Riester: "Ernüchterndes Ergebnis" Wissenschaft versenkt Stoibers Niedriglohn-Subventionen

Berlin (rpo). Auf zunehmende Ablehnung in der Wissenschaft stoßen die Wahlprogrammpläne der Union zur Entlastung niedrig entlohnter Beschäftigter von Sozialabgaben. Sie seien weder finanzierbar noch bringe sie ausreichend Beschäftigung, stellte das Bonner Institut für Wirtschaft und Gesellschaft (IWG) wie zuvor das dortige Institut zur Zukunft der Arbeit (IZA) fest.

Der der Union nahestehende IWG-Direktor Meinhard Miegel teilte die Ergebnisse Bundesarbeitsminister Walter Riester (SPD) in einem dpa vorliegenden Brief mit. Riester und SPD sehen sich vielmehr in ihrer Politik der Beschleunigung der Arbeitsvermittlung bestätigt.

Die Union will die Beschäftigung dadurch voranbringen, dass die bisherigen 325-Euro-Jobs bis 400 Euro im Monat sozialabgabenfrei werden. Zugleich ist eine Pauschalbesteuerung mit 20 Prozent vorgesehen. Zwischen 401 und 800 Euro soll eine gestaffelte Sozialabgabenpflicht eingeführt werden, die erst oberhalb dieser Zone den vollen Satz erreicht.
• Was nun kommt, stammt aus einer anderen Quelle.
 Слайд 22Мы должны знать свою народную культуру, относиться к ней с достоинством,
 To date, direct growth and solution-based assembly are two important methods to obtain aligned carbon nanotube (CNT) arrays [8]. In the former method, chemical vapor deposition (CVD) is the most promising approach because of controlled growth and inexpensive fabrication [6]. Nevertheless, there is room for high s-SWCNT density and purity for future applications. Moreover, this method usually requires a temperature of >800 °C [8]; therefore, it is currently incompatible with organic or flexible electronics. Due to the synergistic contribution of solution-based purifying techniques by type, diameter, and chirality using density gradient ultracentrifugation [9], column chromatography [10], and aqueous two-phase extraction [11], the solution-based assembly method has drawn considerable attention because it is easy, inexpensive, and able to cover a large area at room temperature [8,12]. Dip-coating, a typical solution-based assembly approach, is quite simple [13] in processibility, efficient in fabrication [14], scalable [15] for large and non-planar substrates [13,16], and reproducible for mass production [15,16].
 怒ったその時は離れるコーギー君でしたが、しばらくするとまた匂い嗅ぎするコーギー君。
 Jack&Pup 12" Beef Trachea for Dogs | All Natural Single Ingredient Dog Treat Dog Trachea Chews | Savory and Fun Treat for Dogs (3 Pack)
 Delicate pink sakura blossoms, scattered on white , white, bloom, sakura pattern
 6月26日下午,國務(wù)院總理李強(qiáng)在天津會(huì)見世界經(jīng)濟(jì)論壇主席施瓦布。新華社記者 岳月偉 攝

Miegel kommt zu einem "ernüchternden Ergebnis", wie er Riester mitteilte. "Soll die Beschäftigung im Niedriglohnbereich spürbar erhöht und die Arbeitslosigkeit ebenso spürbar eingedämmt werden, muss der Kreis der Begünstigten weit gezogen werden." Unter dieser Voraussetzung müsste die volle Beitragsfreiheit bis zum Monatseinkommen von 835 Euro gelten, die degressive Förderung bis 1670 Euro monatlich. Je nach weiterer Ausgestaltung lägen die jährlichen Zusatzkosten für den Staat zwischen 18 und 28 Milliarden Euro. Der Aufwand pro zusätzlichem Beschäftigten läge zwischen 23 000 und 106 000 Euro. Miegel: "Diese Strategie erfordert mithin riesige Milliardenbeträge, die innerhalb der derzeitigen und wohl auch künftigen öffentlichen Haushalte kaum darstellbar sind."
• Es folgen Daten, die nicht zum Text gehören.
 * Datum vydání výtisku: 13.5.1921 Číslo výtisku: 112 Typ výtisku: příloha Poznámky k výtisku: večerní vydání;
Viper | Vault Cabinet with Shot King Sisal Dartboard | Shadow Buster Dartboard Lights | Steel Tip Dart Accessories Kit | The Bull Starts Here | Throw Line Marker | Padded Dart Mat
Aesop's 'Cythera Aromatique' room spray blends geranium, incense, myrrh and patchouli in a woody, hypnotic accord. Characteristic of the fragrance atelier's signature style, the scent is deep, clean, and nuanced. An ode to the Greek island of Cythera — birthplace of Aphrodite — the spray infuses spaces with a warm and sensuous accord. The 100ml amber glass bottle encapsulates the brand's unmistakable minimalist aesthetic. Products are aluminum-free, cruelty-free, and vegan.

Riester sagte dazu der dpa: "Das Institut hat die Drei-Säulen- Theorie des Herrn Stoiber politisch versenkt. Innerhalb weniger Tage ist es das zweite Institut, das den Stoiberschen Beschäftigungsplänen die Tauglichkeit abspricht. Damit fehlt dem Kanzlerkandidaten der Union der zentrale Baustein seiner Beschäftigungspolitik." Stoiber will mit seinem so genannten Drei-Säulen-Modell 800 000 Stellen schaffen. Das IZA war Mitte der Woche zum Ergebnis gekommen, dass es höchstens 30 000 sein könnten.
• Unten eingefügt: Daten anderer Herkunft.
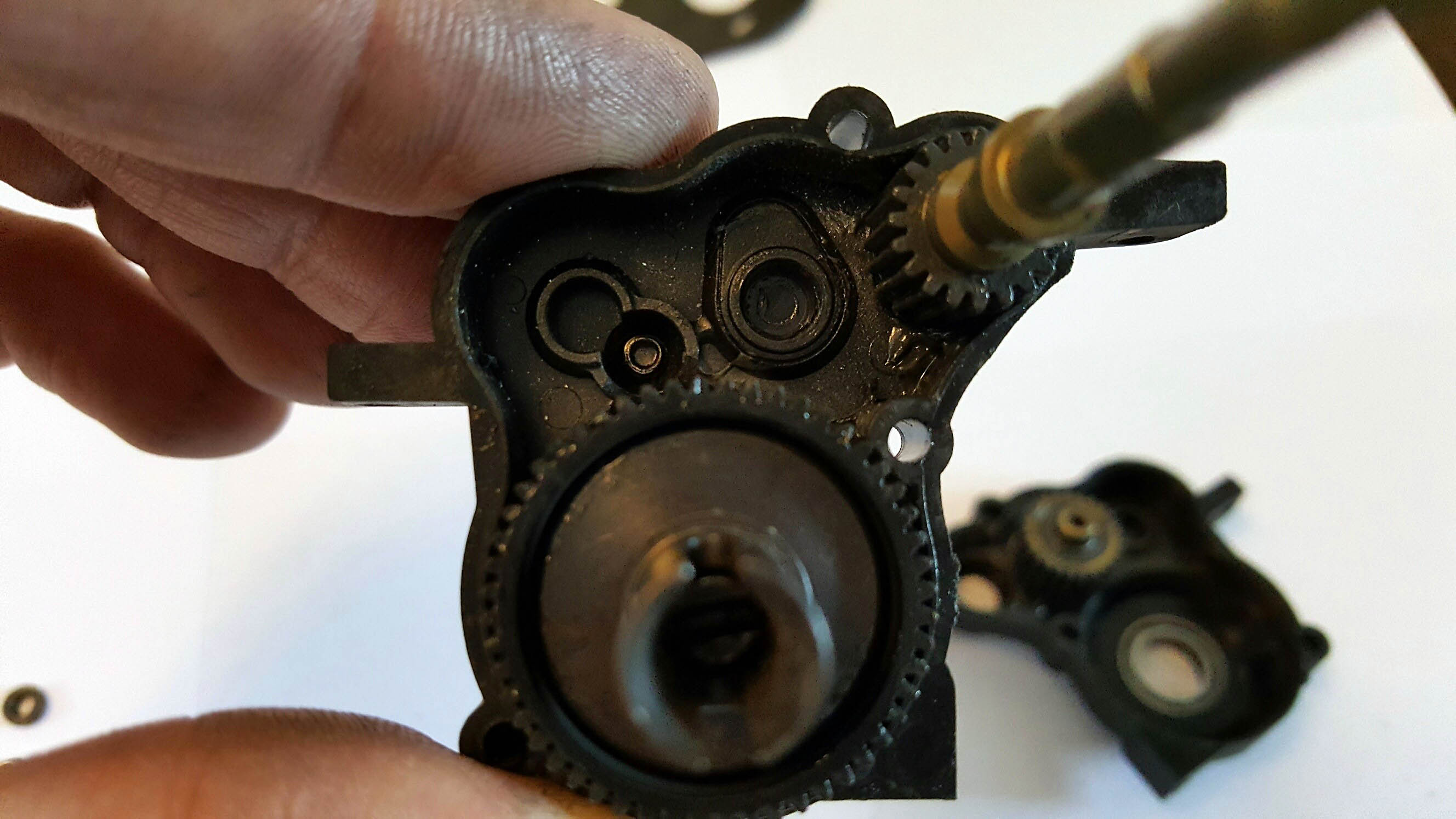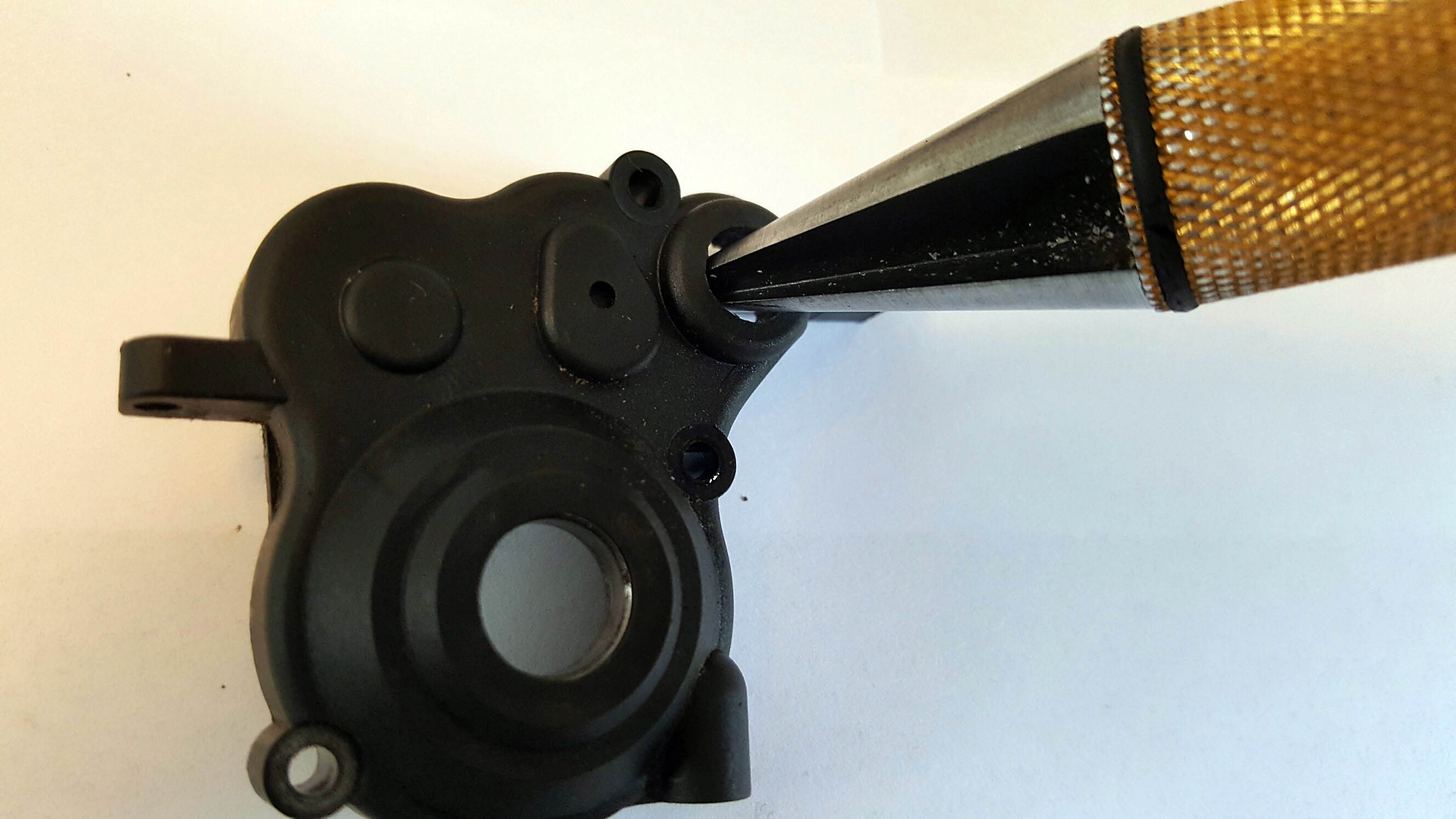 2: Open up the blank side of the gear box half, just until you can fit the layshaft through the hole.

Ähnlich wie Riester äußerte sich der stellvertretende Vorsitzende der SPD-Fraktion, Franz Thönnes. Die flächendeckende Subventionierung der Sozialbeiträge ohne Befristungen und Zielgruppenorientierung erweise sich als absoluter Unsinn. "Im Kern bestätigt das Miegel- Institut die Politik der Regierung, die mit dem seit Jahresanfang geltenden Job-AQTIV-Gesetz versucht, die Vermittlung von Arbeitslosen in neue Beschäftigung zu beschleunigen und Langzeitarbeitslosen sowie Sozialhilfeempfängern durch Hilfen aus einer Hand schnell den Zugang zu neuer Arbeit zu ermöglichen."

Miegel stellte fest: "Als deutlich kostengünstigere Alternative bietet sich an, durch entsprechende Umstrukturierungsmaßnahmen die durchschnittliche Vermittlungsdauer von Arbeitslose von derzeit 35 Wochen um ein bis zwei Wochen zu verkürzen. Eine Verkürzung der Vermittlungsdauer um nur eine Woche vermindert die Zahl der Arbeitslosen um rund 100 000."